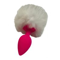 Анальная силиконовая пробка розовая с белым помпоном размер S
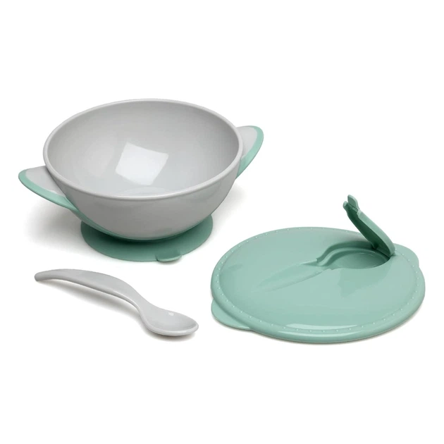 Набір тарілка глибока силіконова антиковзаюча, кришка, ложка Kiokids (3914)
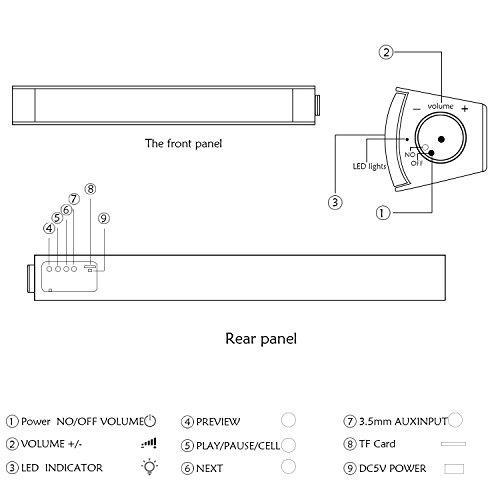Liangtou Soundbar has three modes to choose: Bluetooth Mode Line In Mode TF Card Mode Soundbar Specifications:
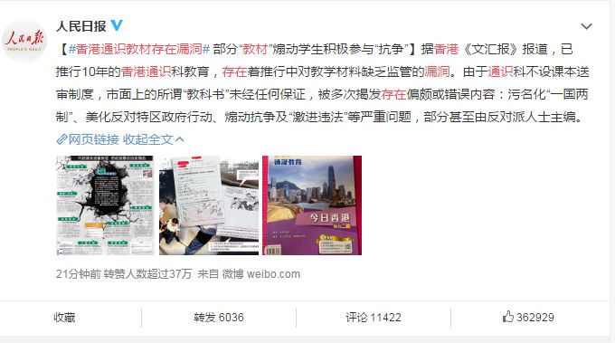 8月22日,人民日报APP发文《香港“通识教材”里,夹了这些私货!》直指香港教育存在的问题。
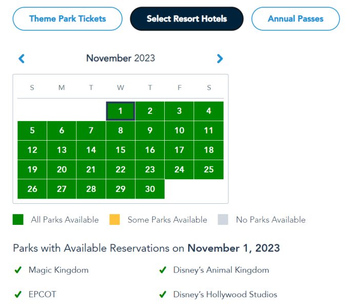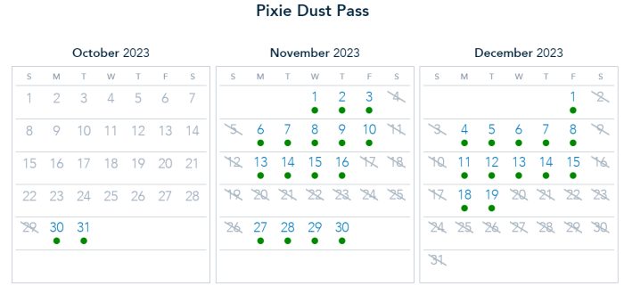 Finally, those with a Pixie Dust pass have park pass reservations available, except for the weekend. There are also a lot of blackout dates through November and December.
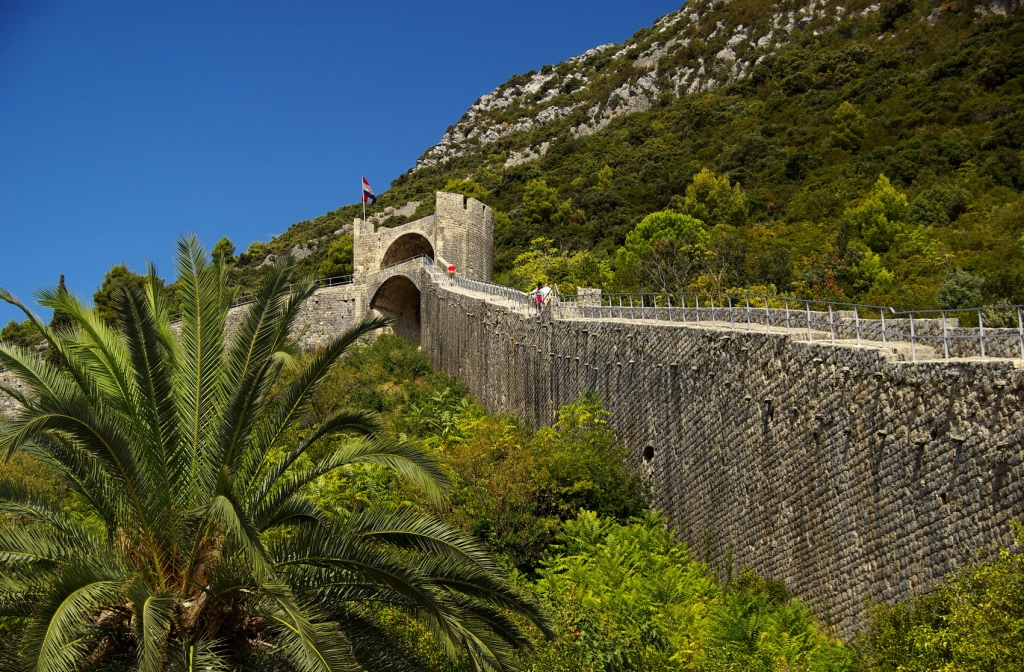 Ston, ein malerisches Städtchen in der Nähe von Dubrovnik, ist bekannt für seine beeindruckende Stadtmauer – die zweitgrößte befestigte Maueranlage der Welt - und seine Salzgärten.
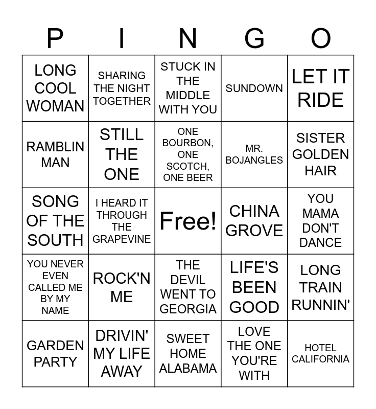 This bingo card has a free space and 49 words: HAVE YOU EVER SEEN THE RAIN, HOTEL CALIFORNIA, LISTEN TO THE MUSIC, SWEET HOME ALABAMA, ROCK'N ME, GOOD HEARTED WOMAN, SHARING THE NIGHT TOGETHER, THANK GOD I'M A COUNTRY BOY, RAMBLIN MAN, UP AROUND THE BEND, STILL THE ONE, SUNDOWN, LONG TRAIN RUNNIN', LIFE'S BEEN GOOD, I CAN'T TELL YOU WHY, I'LL HAVE TO SAT I LOVE YOU IN A SONG, ONE BOURBON, ONE SCOTCH, ONE BEER, CHINA GROVE, WILD NIGHT, LET IT RIDE, I HEARD IT THROUGH THE GRAPEVINE, LOVE THE ONE YOU'RE WITH, LONG COOL WOMAN, MR. BOJANGLES, TEACH YOUR CHILDREN, SISTER GOLDEN HAIR, GARDEN PARTY, RUNNING ON EMPTY, THE DEVIL WENT TO GEORGIA, YOU NEVER EVEN CALLED ME BY MY NAME, DON'T IT MAKE MY BROWN EYES BLUE, LEADER OF THE BAND, HEARD OF GOLD, COPPERHEAD ROAD, DRIVIN' MY LIFE AWAY, REELIN' IN THE YEARS, STILL THE SAME, THE CHAIR, YOU MAMA DON'T DANCE, IT'S A HEARTACHE, LAY DOWN SALLY, DOCTOR MY EYES, HERE COMES MY GIRL, LA GRANGE, SONG OF THE SOUTH, STUCK IN THE MIDDLE WITH YOU, LOLA, BLINDED BY THE LIGHT and SPIRIT IN THE SKY.
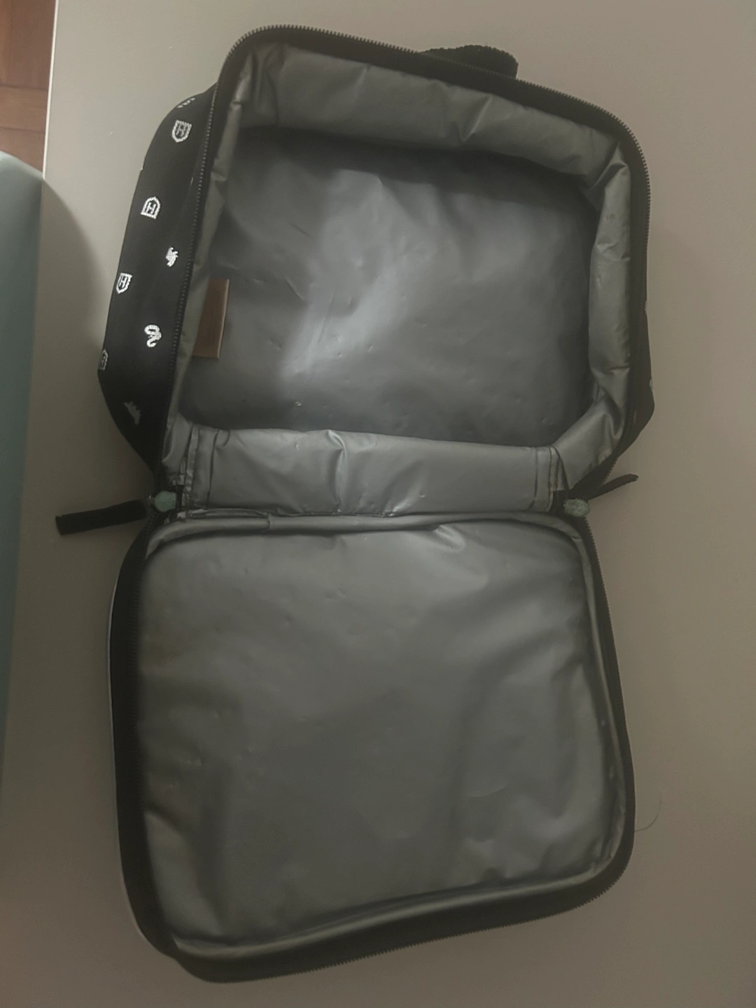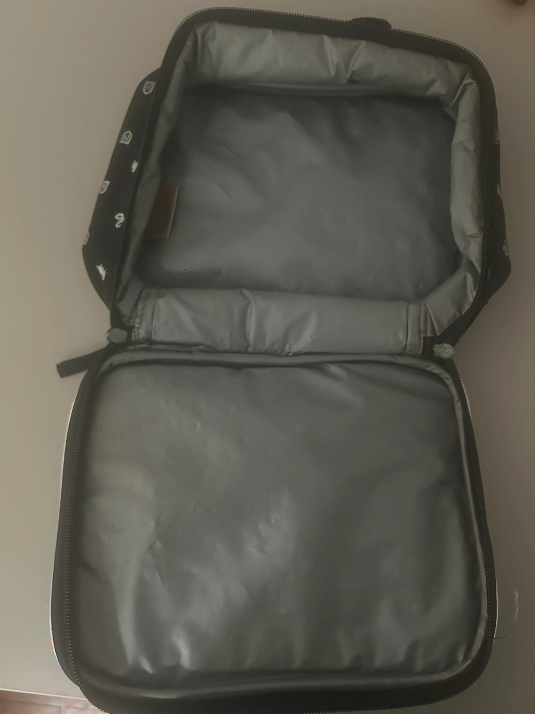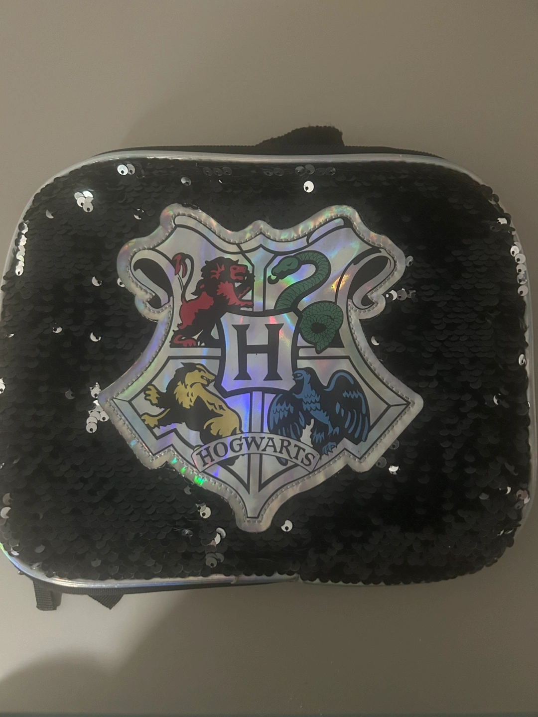 I'm selling a Harry Potter themed lunch box. It's black with a Hogwarts crest on the front. It's in good condition and has a spacious insulated interior to keep your food fresh! Pre-owned!
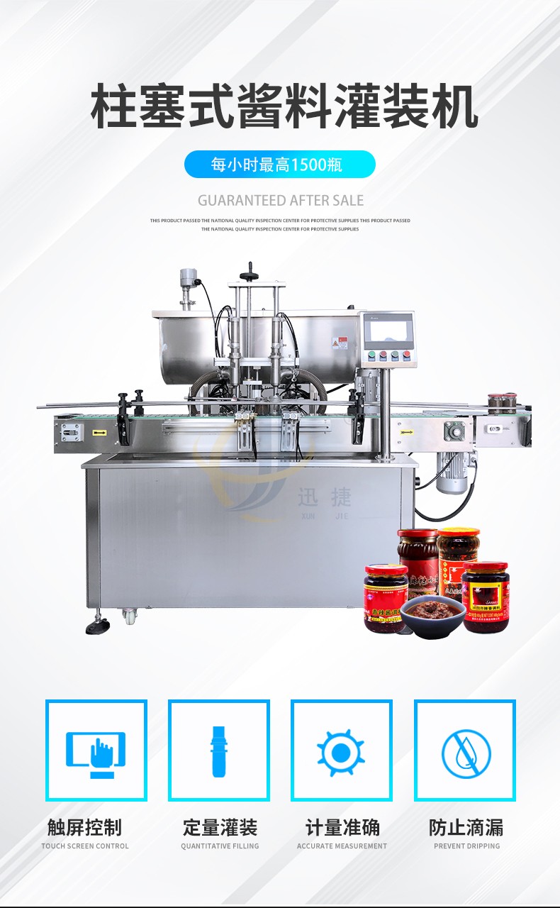 全自動(dòng)雙頭醬料灌裝機兼容6種瓶型,容量范圍內可兼容多種瓶型的灌裝,一鍵式操作,開(kāi)機即能使用。更換瓶型無(wú)需更換配件。
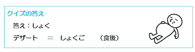 ひっかけ問題というか、だじゃれ問題というか、「食後のデザート」という表現を題材にしたクイズでした。
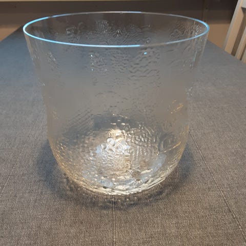 Myydään suuri Nuutajärven kirkas Fauna kulho. Suunnittelija Oiva Toikka. Ehjä, puhdas. Korkeus 18,5cm, halkaisija noin 19cm.
----
▶ _Problem statement_: Take the lines above starting at the one containing "I'm selling a" and ending at the one containing "ひっかけ問題というか、だじゃ", and print them again exactly, without pictures.

▶ _Solution_:
 I'm selling a Harry Potter themed lunch box. It's black with a Hogwarts crest on the front. It's in good condition and has a spacious insulated interior to keep your food fresh! Pre-owned!
 全自動(dòng)雙頭醬料灌裝機兼容6種瓶型,容量范圍內可兼容多種瓶型的灌裝,一鍵式操作,開(kāi)機即能使用。更換瓶型無(wú)需更換配件。
 ひっかけ問題というか、だじゃれ問題というか、「食後のデザート」という表現を題材にしたクイズでした。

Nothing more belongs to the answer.